INFORMATION SHOWN |
[Start of section]

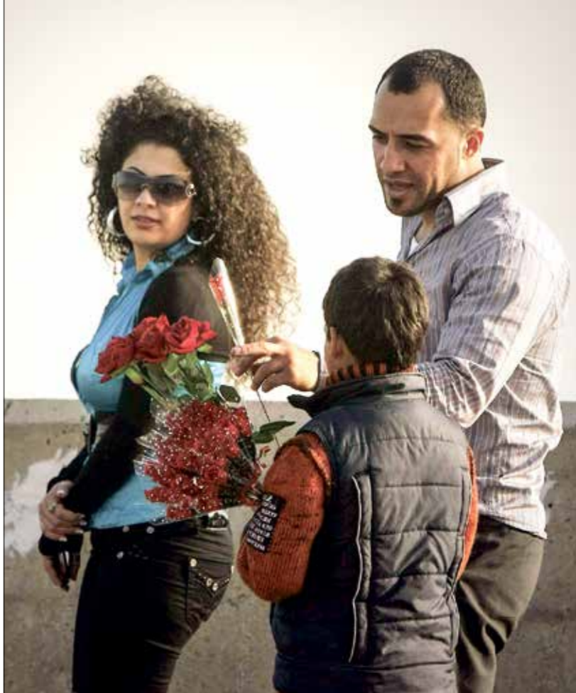
يتحلق الحب الهل محرز سلعة

تداول نشطاء على مواقع التواصل الاجتماعي معلومات عن عمليات نهب واسعة طاولت عدداً من المتاحف السودانية، وهذا ما تؤكده السلطات في البلاد، وتسعى إلى إيقافه
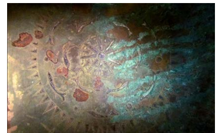
▲ تصویر ۱۶. تزیینات درون‌سوی طاس برنجی (موزه‌ی آذربایجان، شماره‌ی ۸۱۱۸).
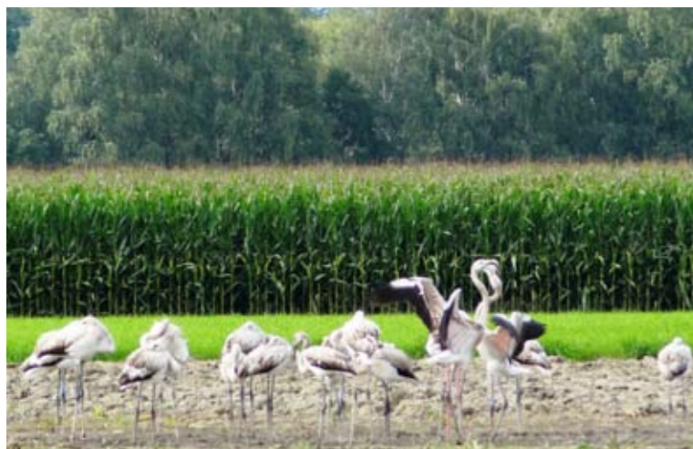
Rosaflamingos bei ihrer Rast in Meiningen: Nur der Altvogel weist die typische Rosafärbung auf.
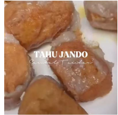
Gambar 3. Tahu Jando Sambal Taichan
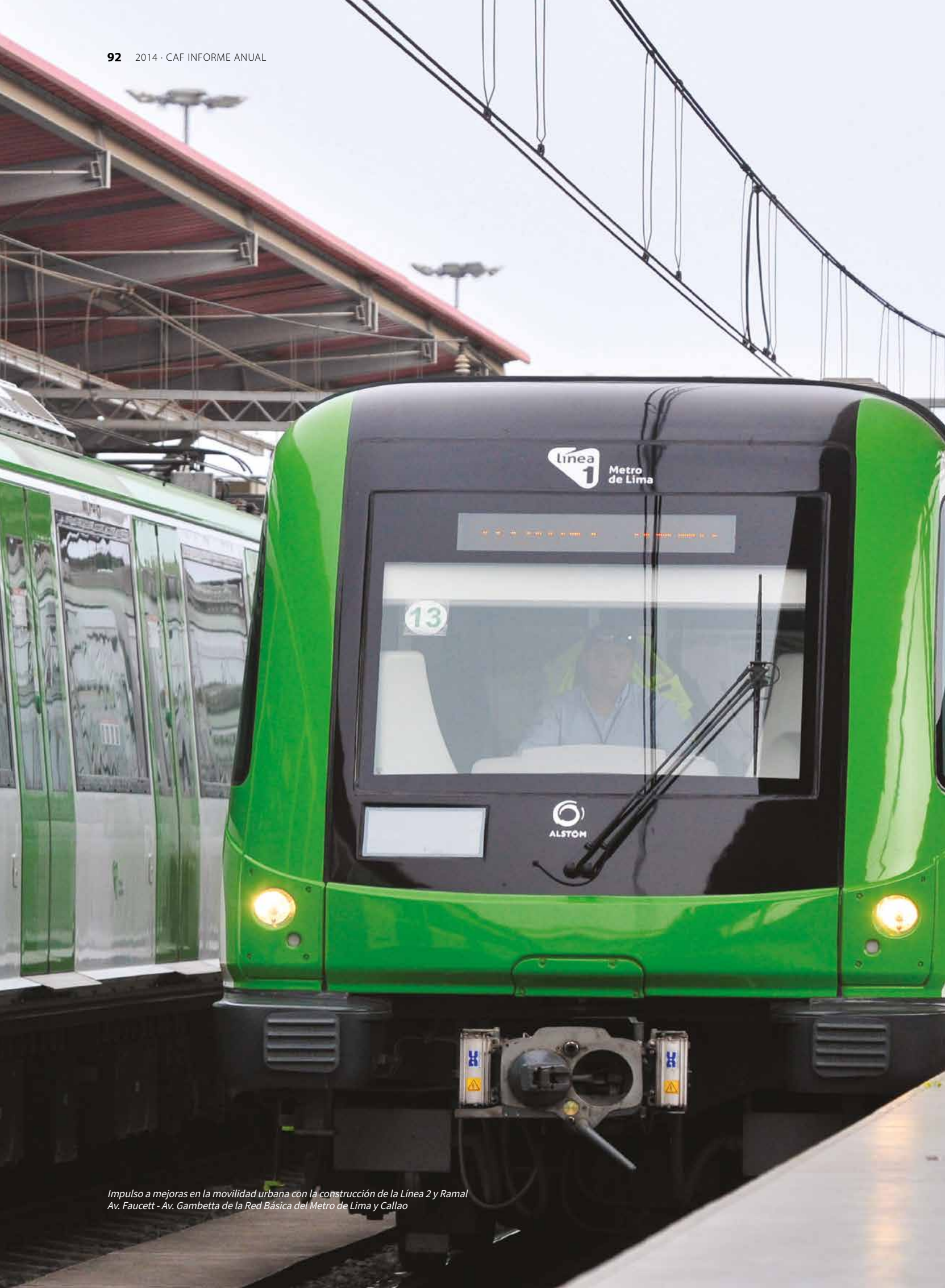
Impulso a mejoras en la movilidad urbana con la construcción de la Línea 2 y Ramal Av. Faucett - Av. Gambetta de la Red Básica del Metro de Lima y Callao
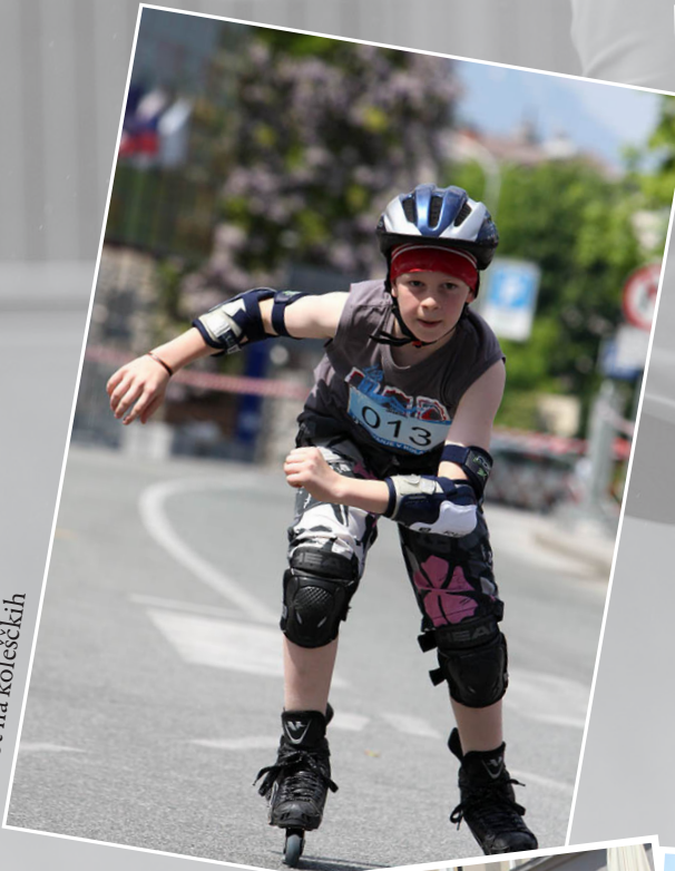
Robot na kolesčkih
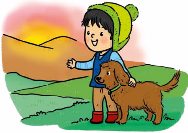
Güneşin batışını izle.
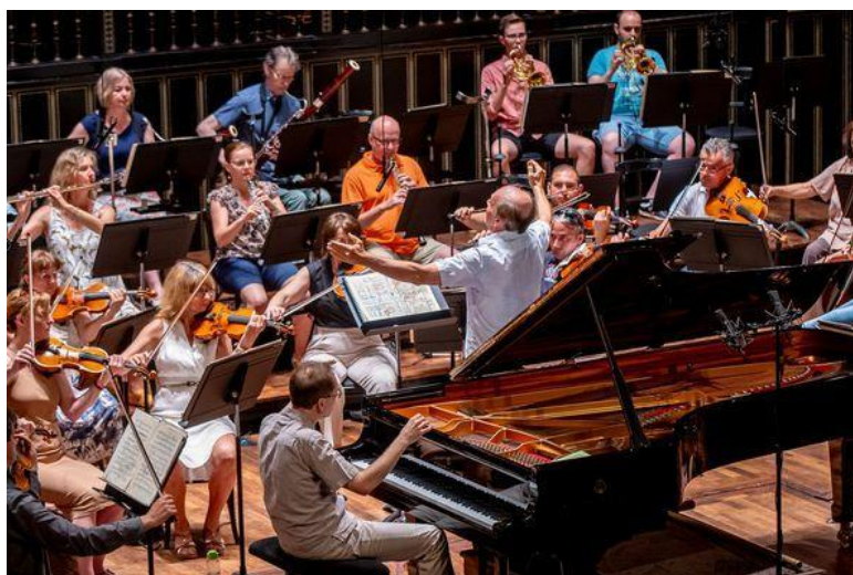
La provo de la orkestro en la provĉambrego

La orkestro regule kunlaboras kun la Budapeŝta Printempa Festivalo, la Miŝkolca Internacia Operfestivalo, la Budapeŝta Festivalorkestro, la Filharmonia Orkestro en Budapeŝto. La orkestro koncertas en Hungario ne nur en Budapeŝto, sed ankaŭ en la provincaj urboj. La granda artista sciado estas rekonata en la tuta mondo per la internaciaj gastroj. La orkestro jam koncertis preskaŭ en ĉiuj eŭropaj landoj, krome en
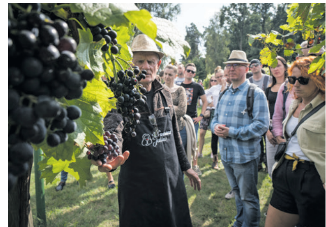
Winobusem turyści dojadą na winnice, będą mogli zobaczyć, jak one funkcjonują
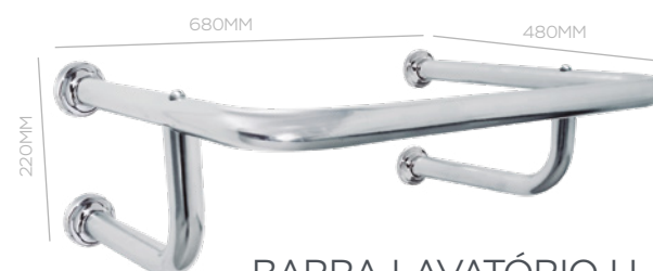
BARRA LAVATÓRIO U 680X220X480MM
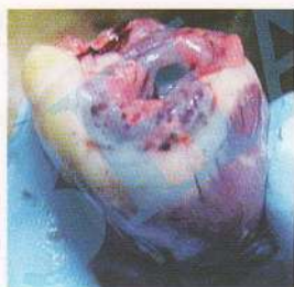
Кровоизлияния и гиперемия сердца водоплавающей птицы
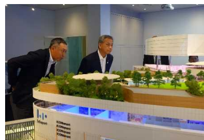
ららぽーと建設プロジェクト
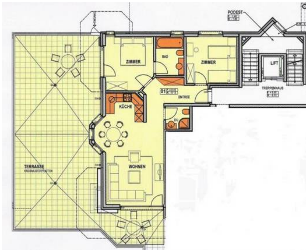
Plan Wohnung / Terrasse
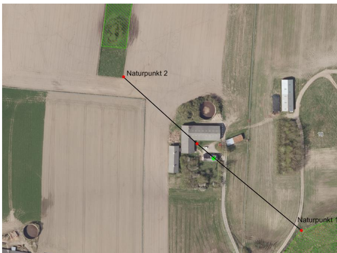
Figur 2: Husdyrbrugets beliggenhed i forhold til naturpunkt 1 og 2 (rød prik).
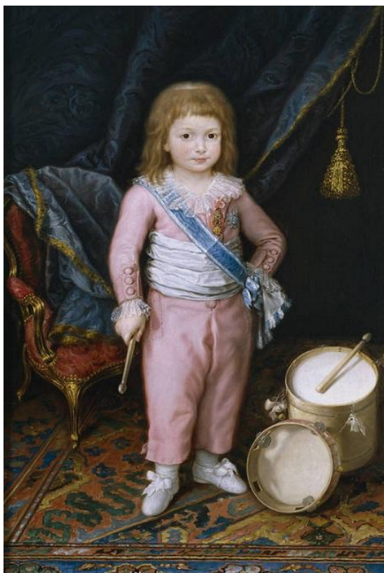
Infante by Carnicero

Длинные брюки у мальчиков - это смелое новшество — ведь в то время их носили только моряки и рабочие, в то время как дворянство и буржуазия ходили в бриджах.
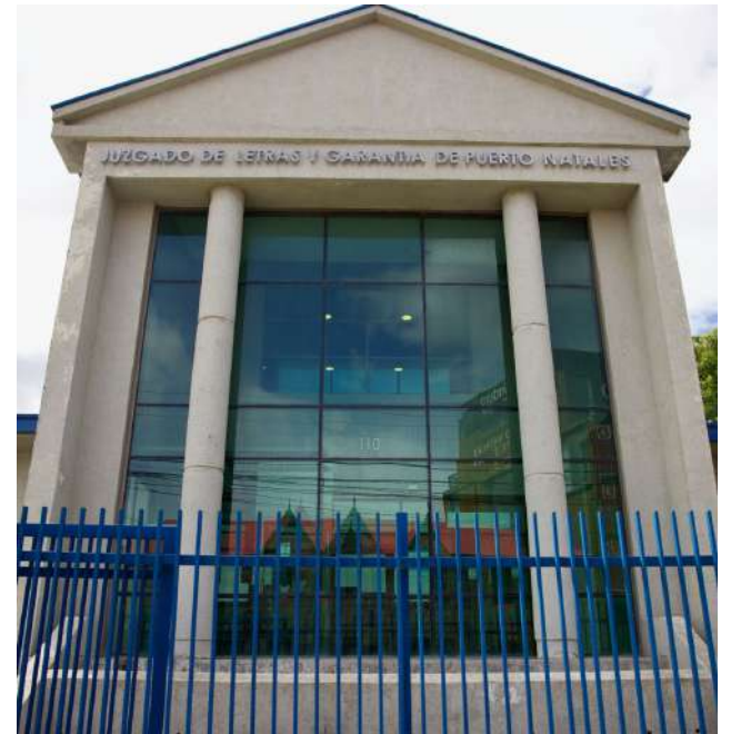
El Juzgado de Garantía de Puerto Natales rechazó emitir la orden de captura.

Finalmente, el municipio informó que ha iniciado un análisis jurídico riguroso para determinar posibles acciones legales y oficiará a las instituciones correspondientes para asegurar el total esclarecimiento de lo sucedido.
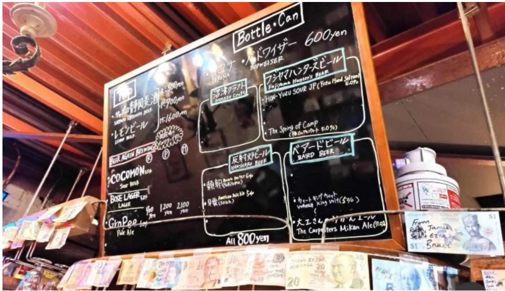
ピザとビール ほらあな メニュー
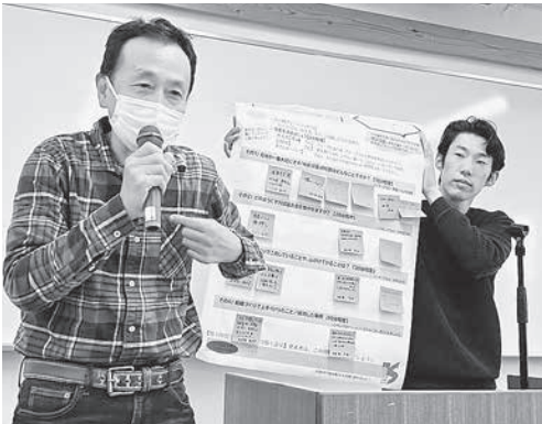
分散会での討論内容を全体共有する参加者

地区労協は府内の「地域の労働組合連合体」として各労組や地域住民の共通する要求をもとに取り組みを進めています。また、京都総評の運動を地域で具体化し、推進する役割を果たしています。コロナ禍で、地区労協全体が集まる機会が減少したため、あらためて全体で交流する場として2年前から「地区労協全体交流会議を開催しています。
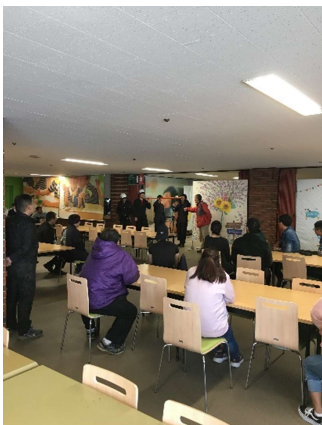
ルスツにて索道教育訓練(平成30年11月20日)

当スキー場では、スキー場営業期間の各月に索道従業員教育訓練を行い、万一の「索道事故や「災害」により、索道が運転不能となった場合を想定した乗客の救助訓練を実施しております(ルスツリゾートにて合同救助訓練・教育訓練実施)
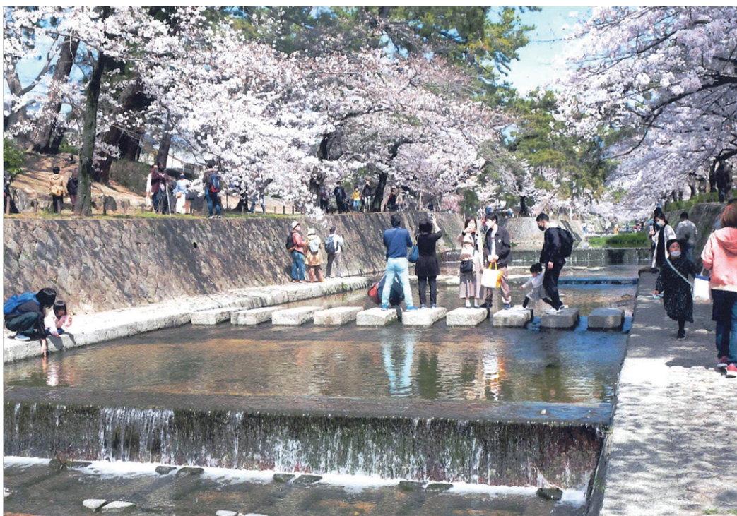
「夙川の桜」 写真と文 田中 積氏 (用海校区)

4キロに及ぶ堤防に1660本の桜が植えられ、日本の桜百選に選ばれている。昭和40年に市花に選定、市民に親しまれてきた季節は春、草木が芽を吹き、躍動感に溢れている。入学、進級、諸行事は新年度を迎え、私達も何か未来に向かって挑戦してみたい心地となる。
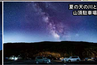
夏の天の川と山頂駐車場
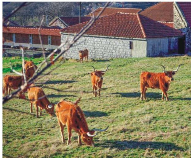
Foto 16. Počas turistiky v parku Peneda-Gerês môžete stretnúť aj vzácne druhy zvierat - typický dlhoročný dobytok Barrosão, ktorý sa chová len v tomto regióne.

Viac informácií o projekte: http://www.europeanheritageawards.eu/winners/sustainable-development-mourela-plateau-peneda-geres-national-park/
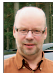
Kari Korpi Korpikorpi Pikakuivaus Oy

Korpikorpi Pikakuivaus Oy on kuivausalan palveluyritys palkittiin kiinteistöjen kosteusvaurioiden korjaamiseen kehitetystä pikakuivausmenetelmästä ja siihen pohjautuvasta palvelukonseptista. Kuivatettavat tilat saadaan menetelmän avulla nopeasti ja energiaa säästään takaisin käyttöön.
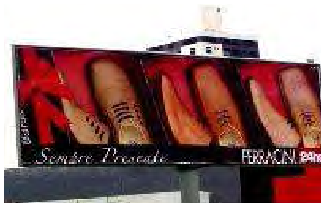
Figura 3 - imagem em que se pode observar a leitura denotativa e conotativa

Geralmente, o indivíduo que procede a uma leitura denotativa (meramente descritiva dos elementos) é rápido, dizendo tudo que tem a dizer em uma única frase ou frases curtas. Já na realização de uma leitura conotativa, geralmente começa-se com “para mim...”, “eu vejo nessa imagem...”, “na minha opinião, a imagem representa...”.
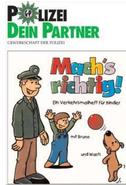
Ein Verkehrsmalheft für Kinder
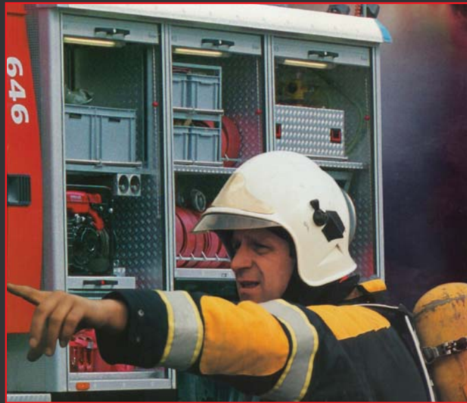
Stockage du matériel dans les véhicules

[End of section]

DESCRIPTION OF THE TASK |
Reproduce all the data as it stands. The pictures are not part of the copy.

RESULT |
يتحلق الحب الهل محرز سلعة

تداول نشطاء على مواقع التواصل الاجتماعي معلومات عن عمليات نهب واسعة طاولت عدداً من المتاحف السودانية، وهذا ما تؤكده السلطات في البلاد، وتسعى إلى إيقافه
▲ تصویر ۱۶. تزیینات درون‌سوی طاس برنجی (موزه‌ی آذربایجان، شماره‌ی ۸۱۱۸).
Rosaflamingos bei ihrer Rast in Meiningen: Nur der Altvogel weist die typische Rosafärbung auf.
Gambar 3. Tahu Jando Sambal Taichan
Impulso a mejoras en la movilidad urbana con la construcción de la Línea 2 y Ramal Av. Faucett - Av. Gambetta de la Red Básica del Metro de Lima y Callao
Robot na kolesčkih
Güneşin batışını izle.
La provo de la orkestro en la provĉambrego

La orkestro regule kunlaboras kun la Budapeŝta Printempa Festivalo, la Miŝkolca Internacia Operfestivalo, la Budapeŝta Festivalorkestro, la Filharmonia Orkestro en Budapeŝto. La orkestro koncertas en Hungario ne nur en Budapeŝto, sed ankaŭ en la provincaj urboj. La granda artista sciado estas rekonata en la tuta mondo per la internaciaj gastroj. La orkestro jam koncertis preskaŭ en ĉiuj eŭropaj landoj, krome en
Winobusem turyści dojadą na winnice, będą mogli zobaczyć, jak one funkcjonują
BARRA LAVATÓRIO U 680X220X480MM
Кровоизлияния и гиперемия сердца водоплавающей птицы
ららぽーと建設プロジェクト
Plan Wohnung / Terrasse
Figur 2: Husdyrbrugets beliggenhed i forhold til naturpunkt 1 og 2 (rød prik).
Infante by Carnicero

Длинные брюки у мальчиков - это смелое новшество — ведь в то время их носили только моряки и рабочие, в то время как дворянство и буржуазия ходили в бриджах.
El Juzgado de Garantía de Puerto Natales rechazó emitir la orden de captura.

Finalmente, el municipio informó que ha iniciado un análisis jurídico riguroso para determinar posibles acciones legales y oficiará a las instituciones correspondientes para asegurar el total esclarecimiento de lo sucedido.
ピザとビール ほらあな メニュー
分散会での討論内容を全体共有する参加者

地区労協は府内の「地域の労働組合連合体」として各労組や地域住民の共通する要求をもとに取り組みを進めています。また、京都総評の運動を地域で具体化し、推進する役割を果たしています。コロナ禍で、地区労協全体が集まる機会が減少したため、あらためて全体で交流する場として2年前から「地区労協全体交流会議を開催しています。
ルスツにて索道教育訓練(平成30年11月20日)

当スキー場では、スキー場営業期間の各月に索道従業員教育訓練を行い、万一の「索道事故や「災害」により、索道が運転不能となった場合を想定した乗客の救助訓練を実施しております(ルスツリゾートにて合同救助訓練・教育訓練実施)
「夙川の桜」 写真と文 田中 積氏 (用海校区)

4キロに及ぶ堤防に1660本の桜が植えられ、日本の桜百選に選ばれている。昭和40年に市花に選定、市民に親しまれてきた季節は春、草木が芽を吹き、躍動感に溢れている。入学、進級、諸行事は新年度を迎え、私達も何か未来に向かって挑戦してみたい心地となる。
夏の天の川と山頂駐車場
Foto 16. Počas turistiky v parku Peneda-Gerês môžete stretnúť aj vzácne druhy zvierat - typický dlhoročný dobytok Barrosão, ktorý sa chová len v tomto regióne.

Viac informácií o projekte: http://www.europeanheritageawards.eu/winners/sustainable-development-mourela-plateau-peneda-geres-national-park/
Kari Korpi Korpikorpi Pikakuivaus Oy

Korpikorpi Pikakuivaus Oy on kuivausalan palveluyritys palkittiin kiinteistöjen kosteusvaurioiden korjaamiseen kehitetystä pikakuivausmenetelmästä ja siihen pohjautuvasta palvelukonseptista. Kuivatettavat tilat saadaan menetelmän avulla nopeasti ja energiaa säästään takaisin käyttöön.
Figura 3 - imagem em que se pode observar a leitura denotativa e conotativa

Geralmente, o indivíduo que procede a uma leitura denotativa (meramente descritiva dos elementos) é rápido, dizendo tudo que tem a dizer em uma única frase ou frases curtas. Já na realização de uma leitura conotativa, geralmente começa-se com “para mim...”, “eu vejo nessa imagem...”, “na minha opinião, a imagem representa...”.
Ein Verkehrsmalheft für Kinder
Stockage du matériel dans les véhicules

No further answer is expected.